◆ DATASET CONTENT
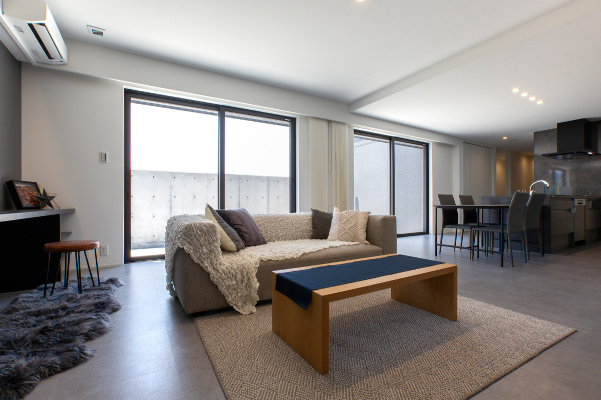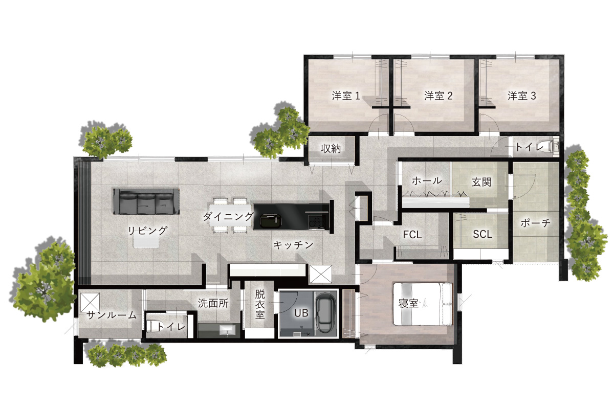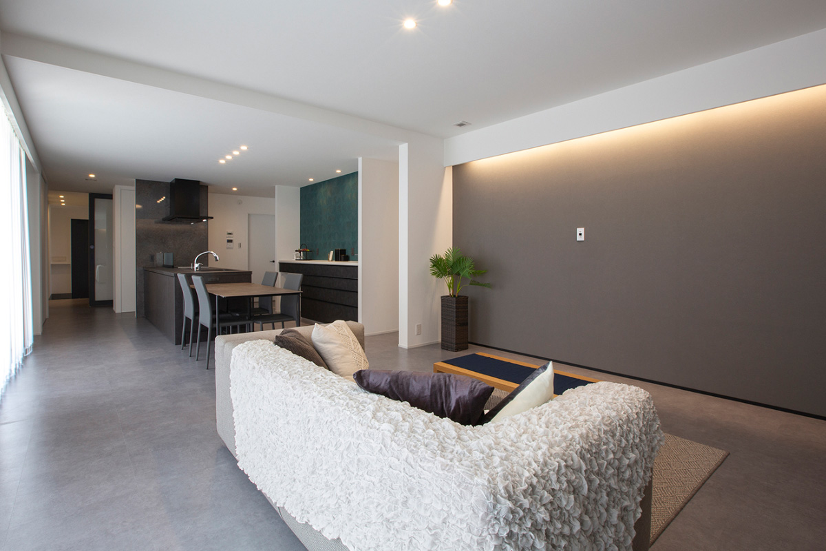 郊外ののんびりとした雰囲気の中に、スタイリッシュなモノトーンのお家をご覧いただけます。広々としたLDKや充実した収納、部屋数も充実しており、子供たちが走り回れるテラスも完備しています。
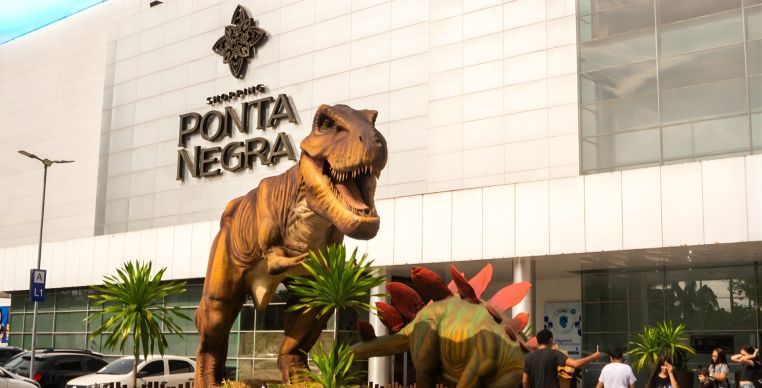A exposição Mundo Jurássico permanece em cartaz no Shopping Ponta Negra até o dia 1º de março, com entrada gratuita. A mostra reúne mais de dez réplicas de dinossauros em tamanho real, com sons e movimentos, incluindo espécies como Tiranossauro rex, Tricerátops, Espinossauro e Estegossauro. O espaço também conta com atrações interativas, realidade virtual, ambiente instagramável e quiosque com venda de souvenires temáticos.
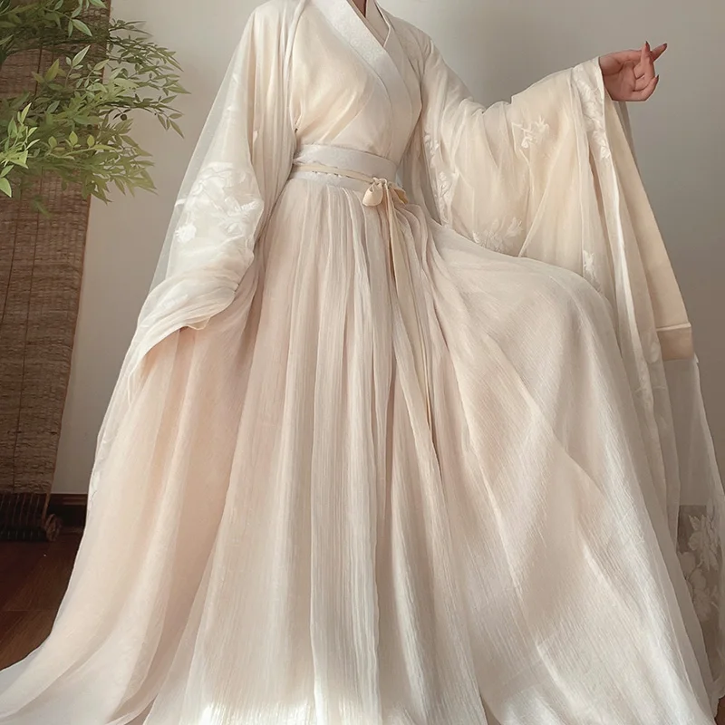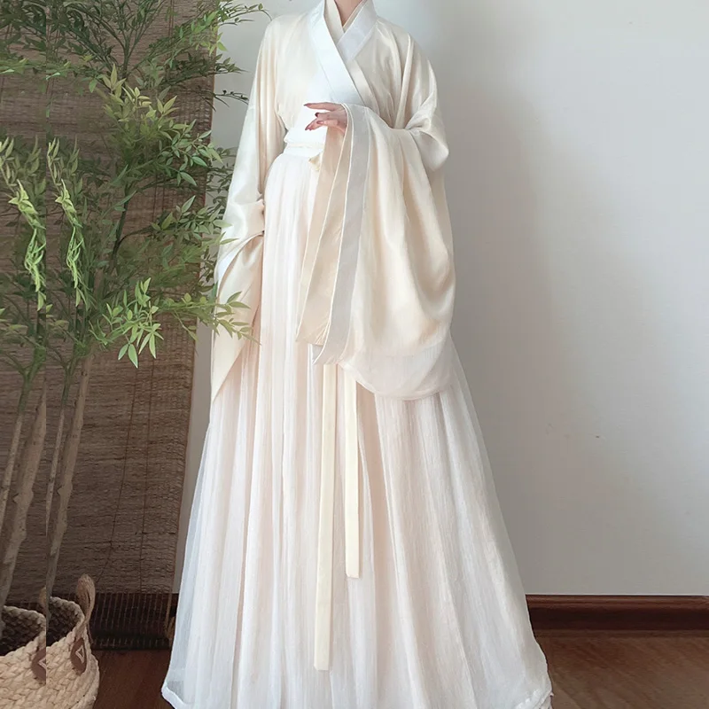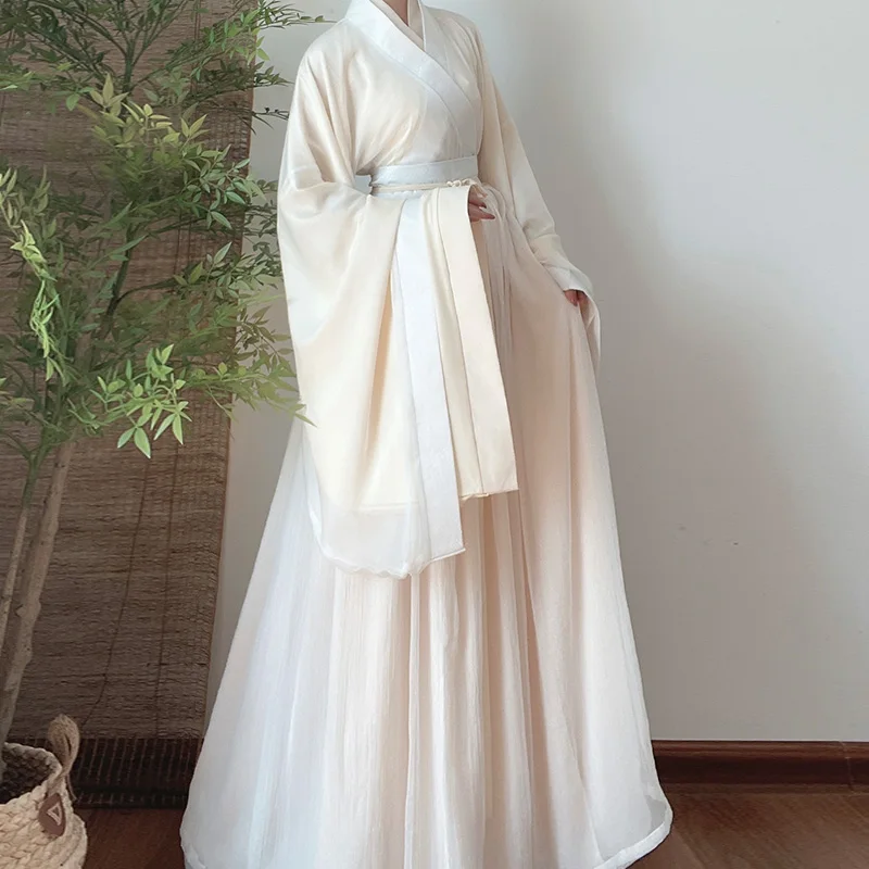Белое длинное платье ханьфу, костюм для народных танцев, традиционный китайский национальный стиль, Ранняя принцесса, сценические наряды

◆ WORK REQUEST
Would you please give the material above again, unchanged but without pictures?

◆ TASK SOLUTION
 郊外ののんびりとした雰囲気の中に、スタイリッシュなモノトーンのお家をご覧いただけます。広々としたLDKや充実した収納、部屋数も充実しており、子供たちが走り回れるテラスも完備しています。
A exposição Mundo Jurássico permanece em cartaz no Shopping Ponta Negra até o dia 1º de março, com entrada gratuita. A mostra reúne mais de dez réplicas de dinossauros em tamanho real, com sons e movimentos, incluindo espécies como Tiranossauro rex, Tricerátops, Espinossauro e Estegossauro. O espaço também conta com atrações interativas, realidade virtual, ambiente instagramável e quiosque com venda de souvenires temáticos.
Белое длинное платье ханьфу, костюм для народных танцев, традиционный китайский национальный стиль, Ранняя принцесса, сценические наряды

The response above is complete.